What to work on =
Answer with nothing but the number of lines in the listing below that contain "nyde".

Task material =
::::::::::

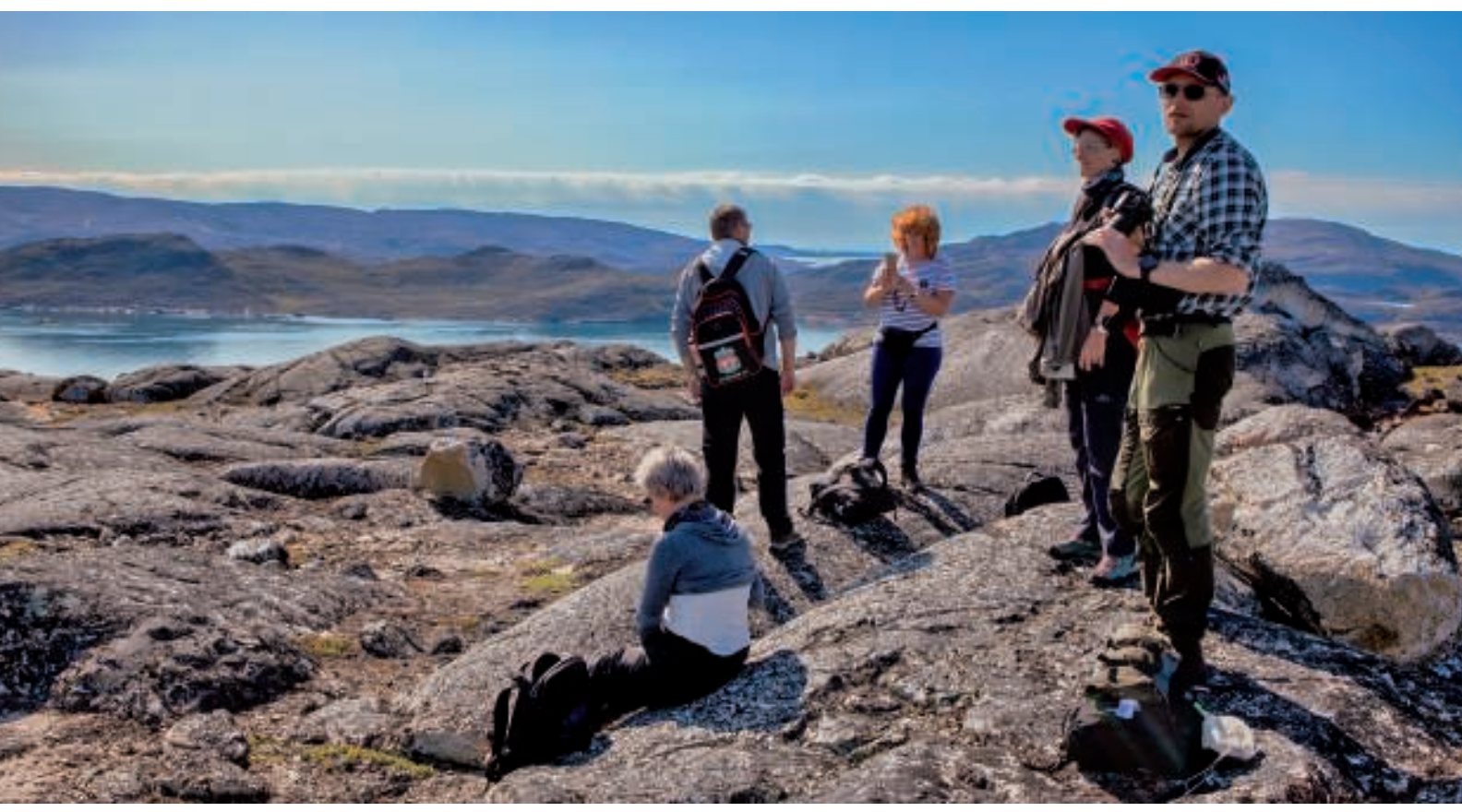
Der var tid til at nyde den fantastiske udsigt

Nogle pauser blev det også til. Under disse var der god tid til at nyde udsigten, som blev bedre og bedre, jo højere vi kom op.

::::::::::

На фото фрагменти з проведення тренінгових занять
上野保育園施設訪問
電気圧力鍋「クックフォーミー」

::::::::::

Task response =
2